From Our 2009 Archives

Zoloft, Lexapro the Best of Newer Antidepressants

THURSDAY, Jan. 29 (HealthDay News) -- Sertraline (Zoloft) and escitalopram (Lexapro) are the best of 12 new-generation antidepressants, while reboxetine is the least effective, a new analysis shows.

The Italian researchers reviewed 117 studies that included more than 25,000 patients with major depression to come to this conclusion.

The drugs tested in the trials were bupropion (Wellbutrin/Zyban), citalopram (Celexa), duloxetine (Cymbalta), escitalopram, fluoxetine (Prozac), fluvoxamine (Luvox), milnacipran (Savella), mirtazapine (Remeron), paroxetine (Paxil), reboxetine (Edronax/Vestra), sertraline, and venlafaxine (Effexor).

Based on their analysis, the review authors concluded sertraline and escitalopram were the best antidepressants overall in terms of efficacy and patient acceptability.
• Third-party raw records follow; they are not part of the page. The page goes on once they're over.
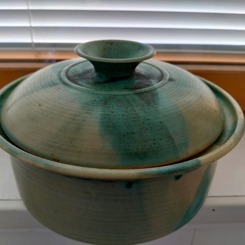 Siisti kannella oleva uunivuoka täysin ehjä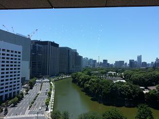 でっかいワイドビューの窓から見える景色はババーン!っと皇居!!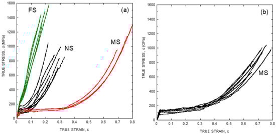 Characteristic tensile properties of spider silk expressed as true stress vs. true strain curves. (a) Tensile properties of spider silk spun by Argiope trifasciata spiders. FS: forcibly silked, NS: naturally spun, MS: maximum supercontracted. (b) Tensile properties of maximum supercontracted (MS) spider silk fibers spun by Argiope argentata spiders. The experimental details may be found in the corresponding references by the authors cited in the main text.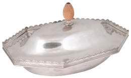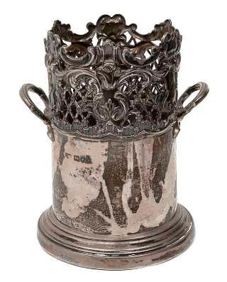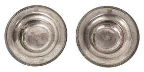 after a design by William Bateman for Rundell, Bridge & Rundell, berried acanthus nozzles and stems fitted with deatchable drip pans with ropetwtist border, on a triform base with three seated patinated bronze swans, on compressed beaded feet (2), height 17cm £200-£300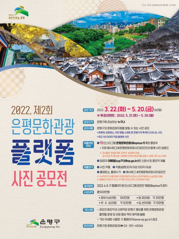 은평구의 자연환경 및 문화·관광 자원을 주제로 은평구의 다양한 매력을 소개할 수 있는「제2회 은평문화관광 플랫폼 사진 공모전」을 아래와 같이 개최하오니, 관심 있는 분들의 많은 참여를 바랍니다.

Sertraline was found to be more effective than duloxetine by 30%, fluvoxamine (27%), fluoxetine (25%), paroxetine (25%), and reboxetine (85%). Escitalopram was more effective than duloxetine by 33%, fluoxetine (32%), fluvoxamine (35%), paroxetine (30%), and reboxetine (95%).

Mirtzapine and venlafaxine were as effective as sertraline and escitalopram. But the latter two drugs had the best patient acceptability, which meant significantly fewer patients stopped treatment.

The review was published online Jan. 29 and was expected to be published in an upcoming print issue of The Lancet.

"The most important clinical implication of the results is that escitalopram and sertraline might be the best choice when starting a treatment for moderate to severe major depression, because they have the best possible balance between efficacy and acceptability," Dr. Andrea Cipriani, of the University of Verona in Italy, and colleagues said in a news release from the journal.

"Sertraline seems to be better than escitalopram because of its lower cost in most countries. However, in the absence of a full economic model, this recommendation cannot be made unequivocally, because several other costs are associated with the use of antidepressants," they added.